Frequently Asked Questions

  • Q. Is it hard to get an English teaching job in China?

    Provided you have the right qualifications for a work permit, no - it isn’t hard at all to find English teaching work in China. English teachers in China must have a bachelor’s degree and a 120-hour TEFL qualification to receive a Foreign Expert Certificate and a Z visa. Once there, you’ll find the public school system, private and international schools, as well as Teaching Centers and Universities.

  • Q. Can you teach English in China without a degree?

    No, you cannot teach English with a Z visa in China without a degree (in any discipline). A TEFL certification is not enough by itself.

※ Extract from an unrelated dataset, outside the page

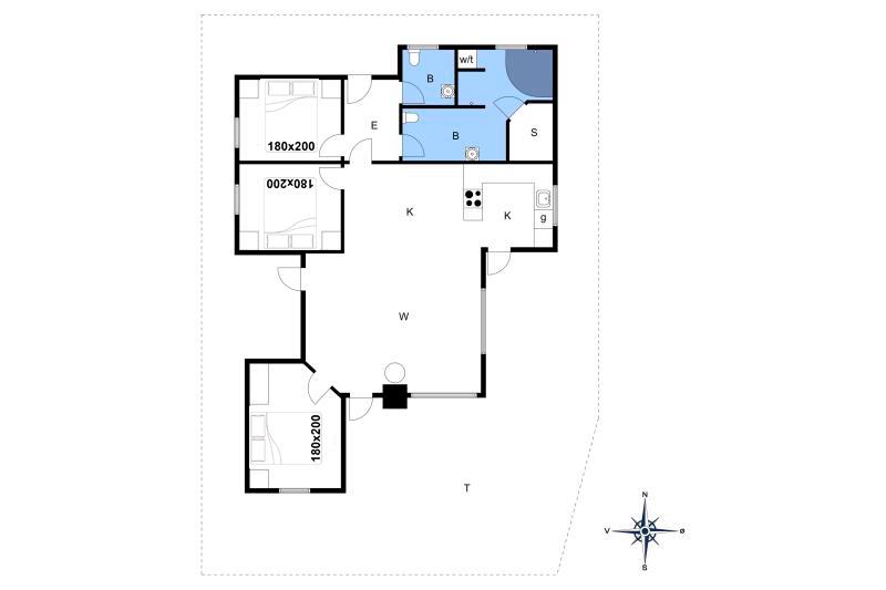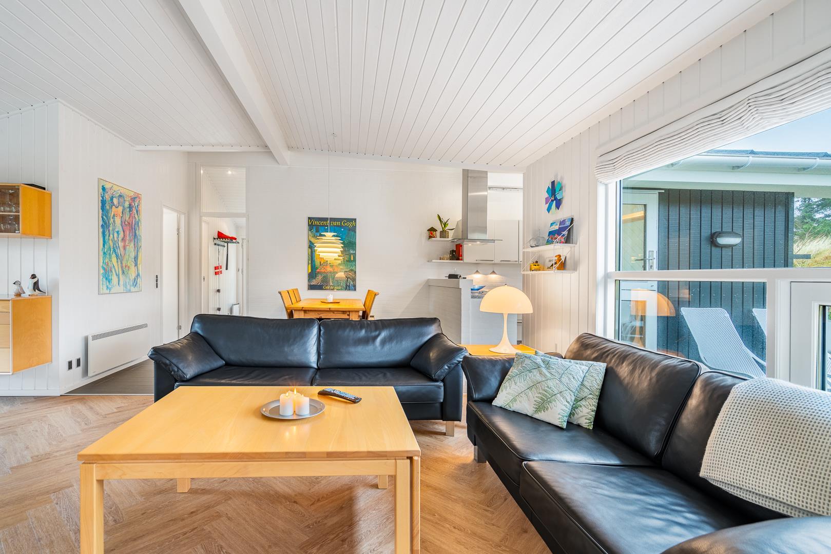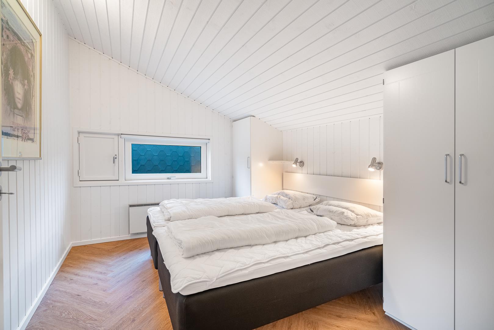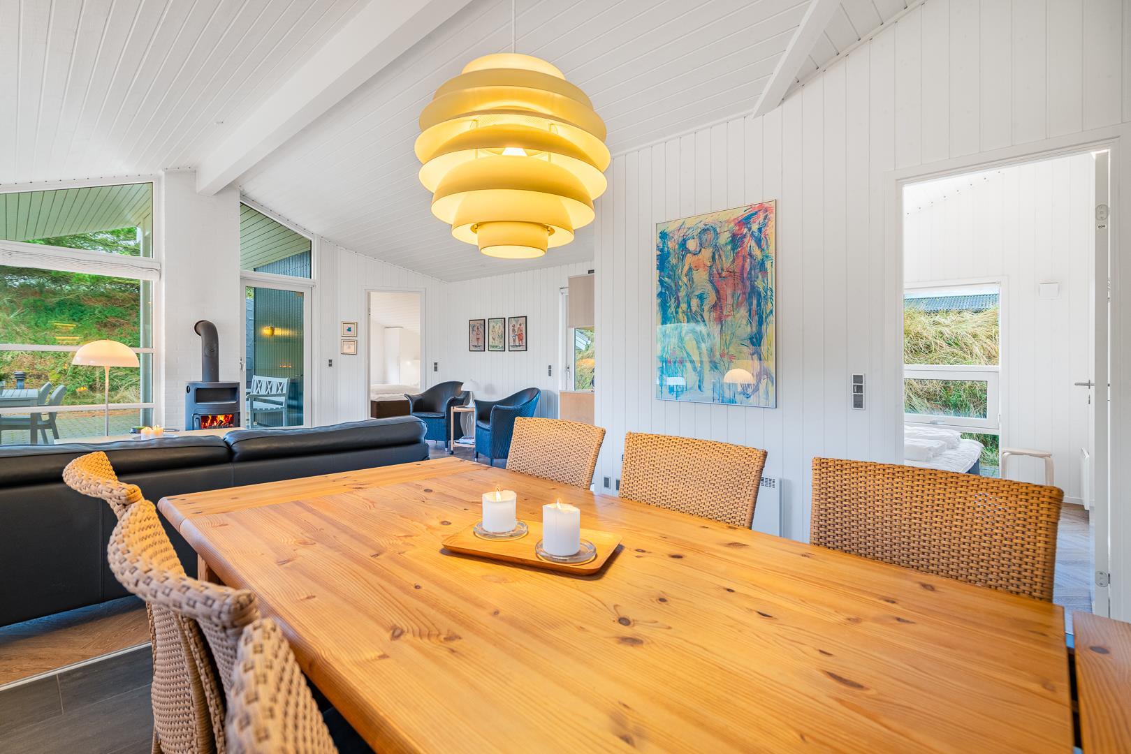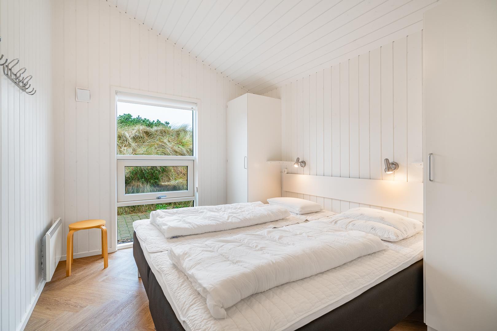Dette skønne sommerhus har plads til 6 personer fordelt på 3 fine og velindrettede dobbeltværelser med faste skabe. Her er alt lyst og moderne indrettet – køkkenet er kombineret med stuen, så alle kan være sammen uanset om sidder ved brændeovnen, ser TV (danske og tyske kanaler), bruger husets gratis internet eller laver mad i køkkenet. Der er et meget stort lækkert badeværelse med bruseniche, vaskemaskine og tørretumbler - her har I jeres egen wellnessafdeling med sauna og badekar. Desuden er der et ekstra gæstetoilet.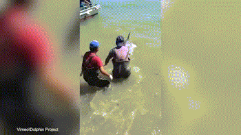 几个乘坐小艇的渔民很快过来,将这只海豚拖回到了深水区。不过,海豚似乎已经放弃了挣扎,它在水里打转,似乎已经不能很好地浮到水面。

  • Q. Are teachers paid well in China?

    In general terms, English teachers are well-paid in China, with a low cost of living, though much depends on where you’re teaching, both in an institutional and geographical sense.

  • Q. Is teaching English in China worth it?

    If you’re looking to comfortably make a living, experience a unique culture and meet a very specific need in Chinese education, yes: teaching English in China is worth it. A low cost of living and an appreciation for teaching in China means you'll likely have the time of your life.

  • Q. Are English teachers in demand in China?

    Yes, English teachers are very much in demand in China. Chinese English teaching businesses are constantly hiring, as are schools and universities. English teaching of a high standard is sought after, and with a typically higher salary than comparable countries and low cost of living, it's a mutually beneficial opportunity.